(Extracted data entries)
=====
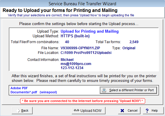 Continue to the Submit a Service Bureau Upload screen and follow prompts. View Control Totals Report to carefully verify selected services and box-by-box totals for the forms and filers in your upload. Most users select Built-in HTTPS secure transfer method. Enter your Digital Signature to authorize the processing of this upload. Then click "Upload My File" (your encrypted data files and signed Control Totals are digitally transmitted to us - there is no need to phone, email, or fax the Service Bureau).
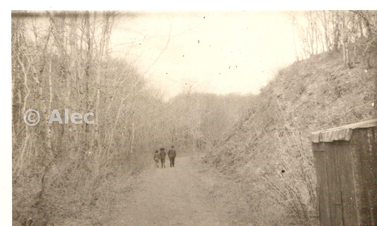 This is the L and CR''s trackbed at Wood Hill in 1964. Duchy woodland R and the Wood Hill-Crossman''s Wood level crossing is ahead, out of sight. In 1964 the crossing gates were still in position, closed after the last train passed in 1917. The Woodland underwent a change of ownership in 2017 and is being actively managed using heavy equipment: the crossing gates with their massive granite hinge posts are long gone. A few stretches of GWR fence strainers and post-and-wire fencing cling on- these were part of an extensive refurbishment of the Caradon Branch from 1909 to at least 1912, by the GWR''s Plymouth Divisional Engineer, H D Smith. Smith used secondhand materials displaced from elsewhere in his Division, but even this was of a signficantly better quality than the L and CR''s life expired permanent way. [Revised 13 December 2019]
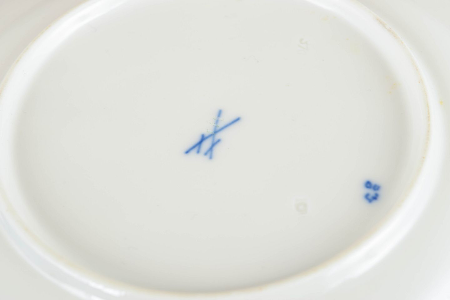 Round plates in white porcelain decorated with the underglaze blue Blue Onion pattern and a scalloped rim. Marked to the base with the Meissen crossed swords. Some examples cancelled with two incised lines, others with three.
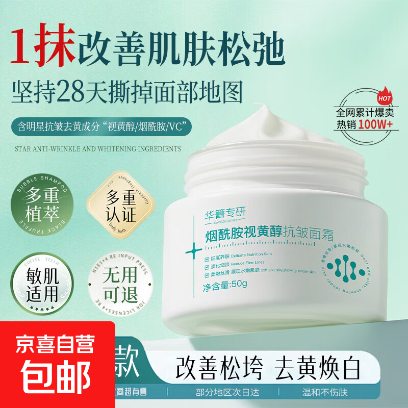 华箐专研烟酰胺视黄醇抗皱面霜A醇紧致提拉淡化细纹抗老保湿男女 1瓶
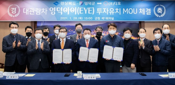 경상북도는 1월 28일 영덕군청에서 ㈜디오(The O)와 경상북도·영덕군 간 ‘영덕 대관람차(영덕아이) 설치사업’ 투자양해각서(MOU)를 체결했다고 밝혔다.
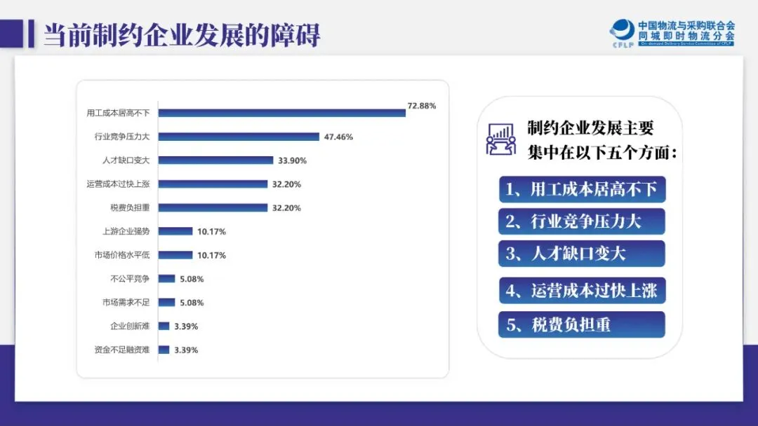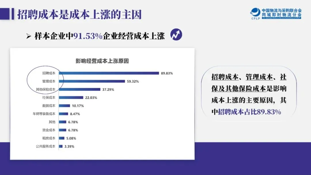 报告还显示,企业在经营发展过程中,“用工成本居高不下”、“行业竞争压力大”、“人才缺口变大”、“运营成本过快上涨”、“税费负担重”是制约企业发展的主要障碍。在运营成本方面,样本企业中91.53%企业经营成本上涨,其中89.83%企业认为招聘成本是影响经营成本上涨的原因。调查显示,企业仍以网络招聘、第三方人力资源公司等传统招聘方式为主。
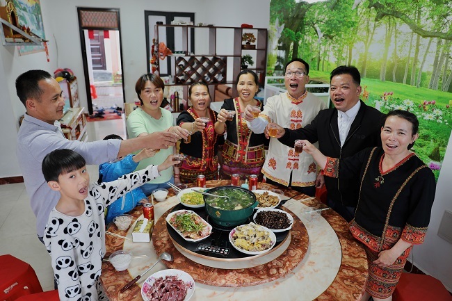走进海南省白沙县牙叉镇新高峰村生态搬迁村,大红的灯笼高高挂起,崭新的春联蕴含着新年心愿。村民符国华全家围聚在一起,吃上了一顿幸福的团圆饭。
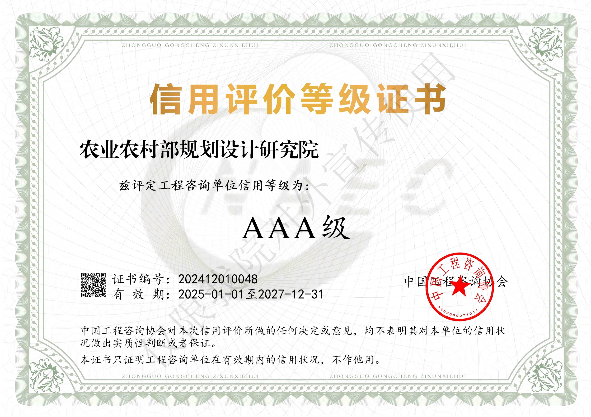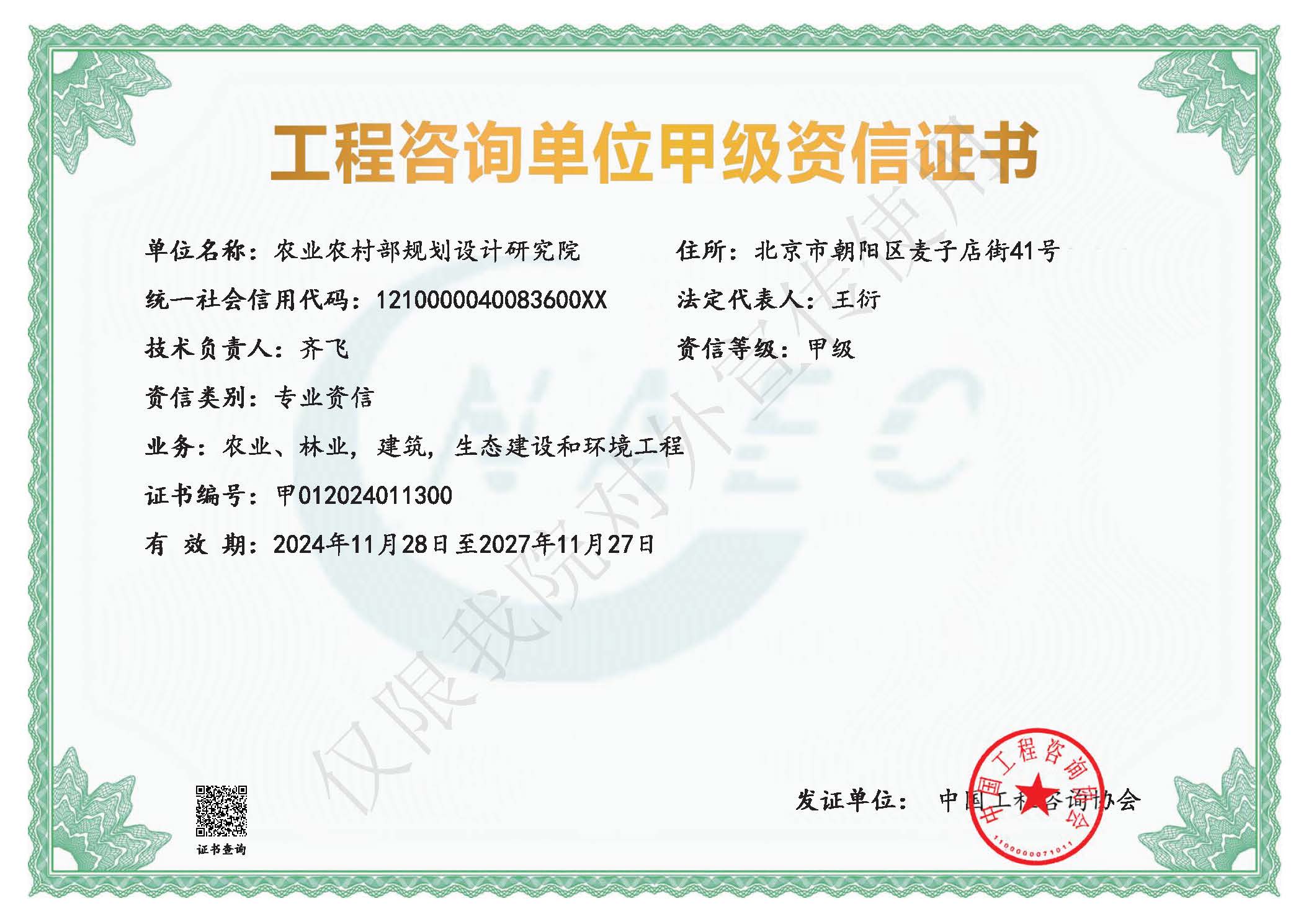 工程咨询甲级咨信证书
=====
- WORK TO BE COMPLETED -
The copy must start at the line containing "경상북도는 1월 28일" and end at the last line of the records, matching each line exactly and holding no pictures.

- ANSWER BOX -
 경상북도는 1월 28일 영덕군청에서 ㈜디오(The O)와 경상북도·영덕군 간 ‘영덕 대관람차(영덕아이) 설치사업’ 투자양해각서(MOU)를 체결했다고 밝혔다.
 报告还显示,企业在经营发展过程中,“用工成本居高不下”、“行业竞争压力大”、“人才缺口变大”、“运营成本过快上涨”、“税费负担重”是制约企业发展的主要障碍。在运营成本方面,样本企业中91.53%企业经营成本上涨,其中89.83%企业认为招聘成本是影响经营成本上涨的原因。调查显示,企业仍以网络招聘、第三方人力资源公司等传统招聘方式为主。
走进海南省白沙县牙叉镇新高峰村生态搬迁村,大红的灯笼高高挂起,崭新的春联蕴含着新年心愿。村民符国华全家围聚在一起,吃上了一顿幸福的团圆饭。
 工程咨询甲级咨信证书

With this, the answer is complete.